MOVIE REVIEW: Horror Film “Let Me In” Hard to Get Out of Your Head

In a pop culture environment that is cluttered with the neutered vampires of Twilight, Let Me In is a daringly different take on the vampire genre.

It’s also a very demented and disturbing and creepy take on soooooo many levels.

A remake of 2004’s Let The Right One In (a foreign film), the plot is centered in 1983 around a shy, troubled, bullied 12-year-old boy named Owen (Kodi Smit-McPhee, who co-starred with Viggo Mortensen in 2009’s The Road), who befriends a strange, quiet 12-year-old girl named Abby (Chloё Moretz, Kick-Ass). Abby has moved into the apartment next door to him with her father (Richard Jenkins, HBO’s Six Feet Under).

While she’s reluctant to befriend him—even tells Owen that they can’t be friends point blank—the two misfits nonetheless bond, drawn to each other’s loneliness. Owen teaches her Morse code so they can communicate through the walls. He also shows her a secret hideout and asks her to go “steady” with him.

It turns out that Abby is a vampire who is hundreds of years old, but is locked in the body of a waifish 12-year-old who usually goes around barefoot. This makes her a very deadly creature of the night because she’s very good at playing the helpless card. Her victims are caught unawares. The movie has a muted quality about it, but when Abby springs into action in what is usually a visceral, blood-spattered burst of demonic energy, it becomes very loud—and messy.

Moretz does a phenomenal job in this role, rivaling that of Kirsten Dunst (the Spider-Man trilogy), who was 12 at the time she played the vampire Claudia in 1994’s Interview with the Vampire, opposite Hollywood heavyweights Tom Cruise and Brad Pitt.
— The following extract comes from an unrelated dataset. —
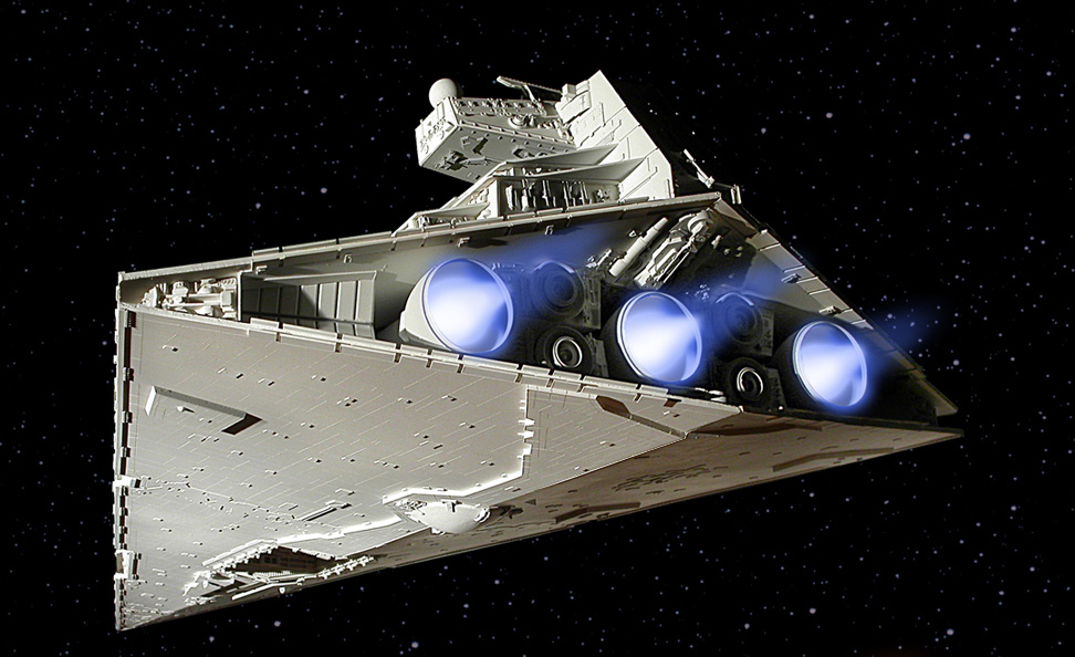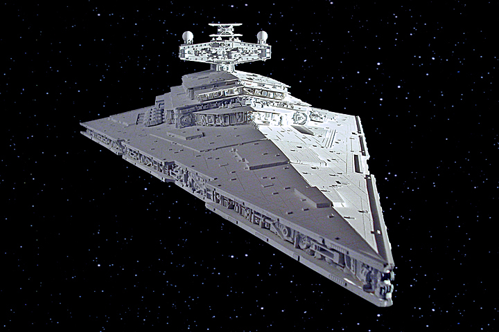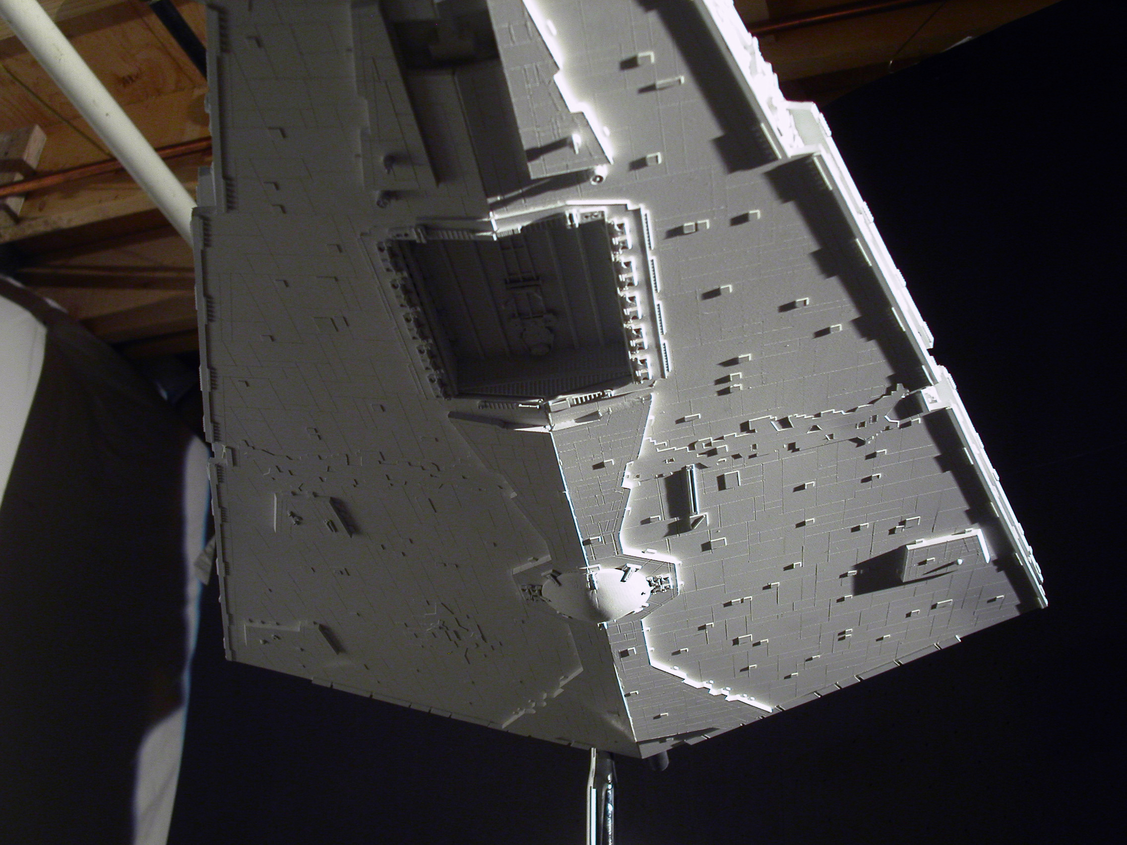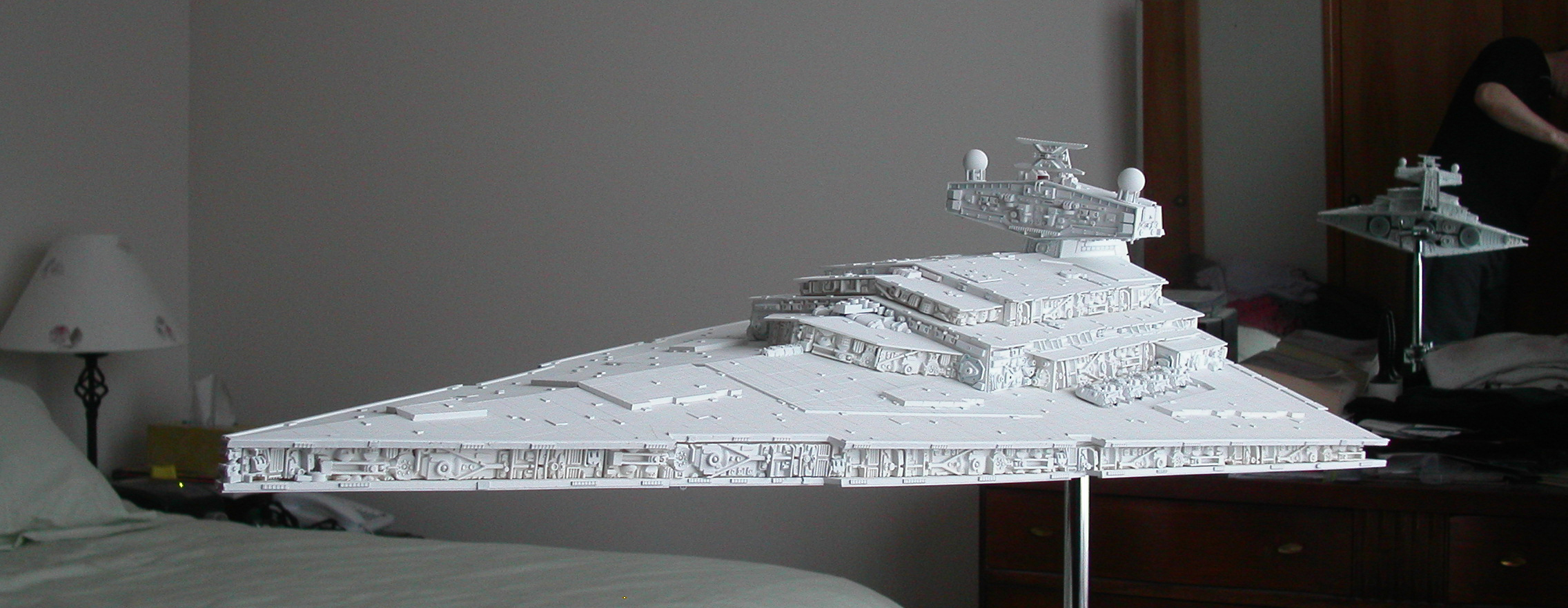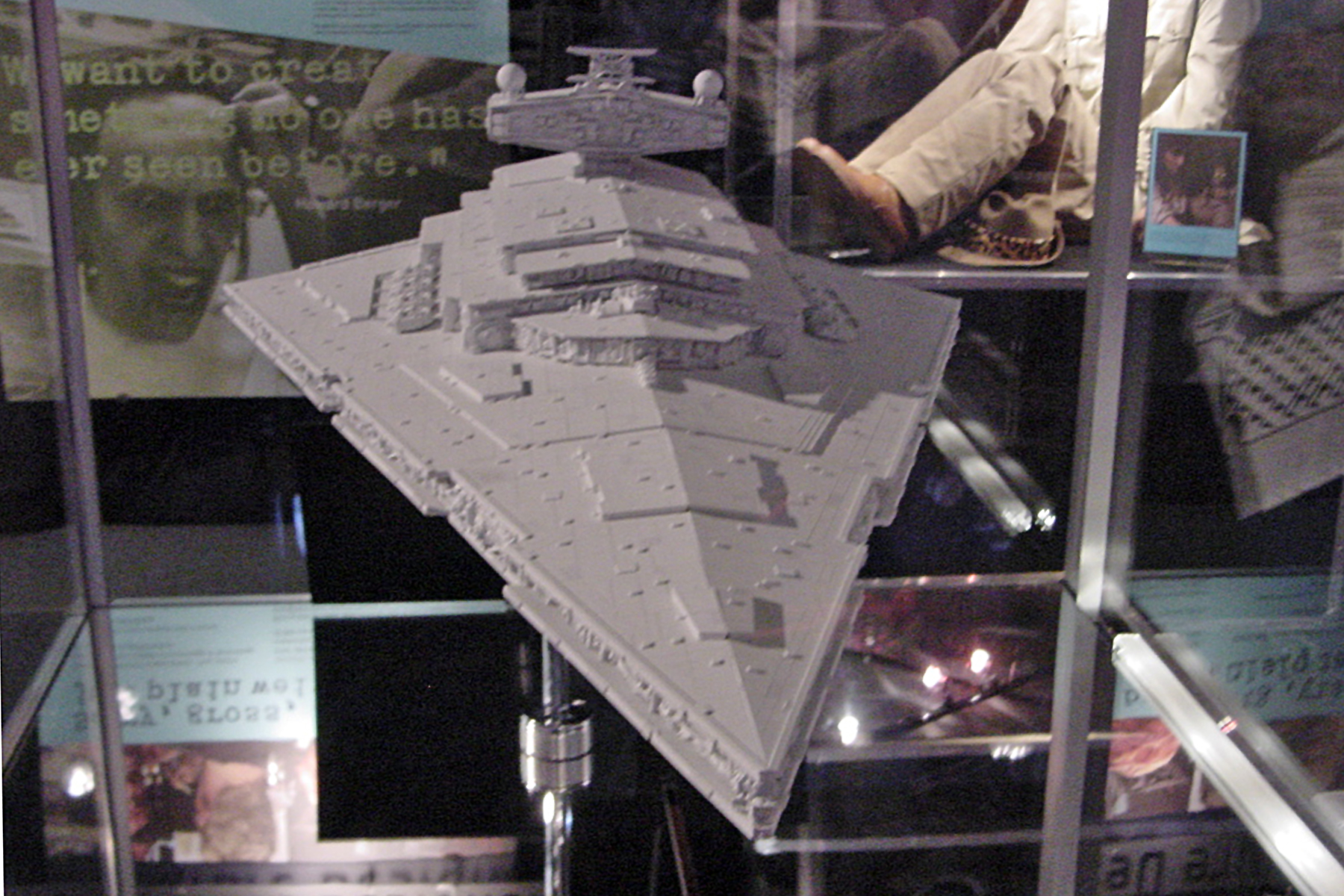 The model was originally built by me as a learning experience in model making in 2004. It was my second attempt at a Star Destroyer. It was never meant to be an exact replica of the original, just a clean, firm build. It is 34 inches long. It has a wood internal frame around an aluminum tube. The main hull is made of Sintra. The bridge and superstructure is built up with sheet styrene. It is detailed with kit bashed parts, resin copied parts, styrene, and found objects. The model and the museum exhibit are mentioned in my book Building Dreams.

Abby is perhaps one of the most ruthless vampires this side of Dracula, the granddaddy of the vampire genre, in terms of sheer ruthlessness.

Her “father”—who is under her thrall—is the one who reluctantly finds her fresh blood (he hides in the backseats of people’s cars and is dressed in a garbage bag over his head with holes in the eyes), but when he dies, she has to go out and get her own victims…. That or she has to bring Owen into the fold. Abby shows some vestige of humanity as she spares the lonely Owen, whose parents are undergoing a nasty divorce and who accepts her undead nature without question. Abby even saves him from a remorseless gang of bullies who relentlessly torment Owen at school. Boy, does she give them their comeuppance and then some when they try to drown Owen in the swimming pool.

The ending, which is sad and shocking and disturbing, ties into the aforementioned Morse code (no further plot elements will be given away), making it all the more disturbing. You really feel sorry for poor Owen.

You also feel sorry for Smit-McPhee and Moretz, who probably need some psychiatric help after making this film because it is that demented and that terrifying.

This is one of those movies, if you see during the matinee hours, that you are glad it’s still daylight upon exiting the theater because it really gets under your skin.

RATED R for foul language, excessive violence, bloodshed, disturbing situations, 1 hour, 57 minutes.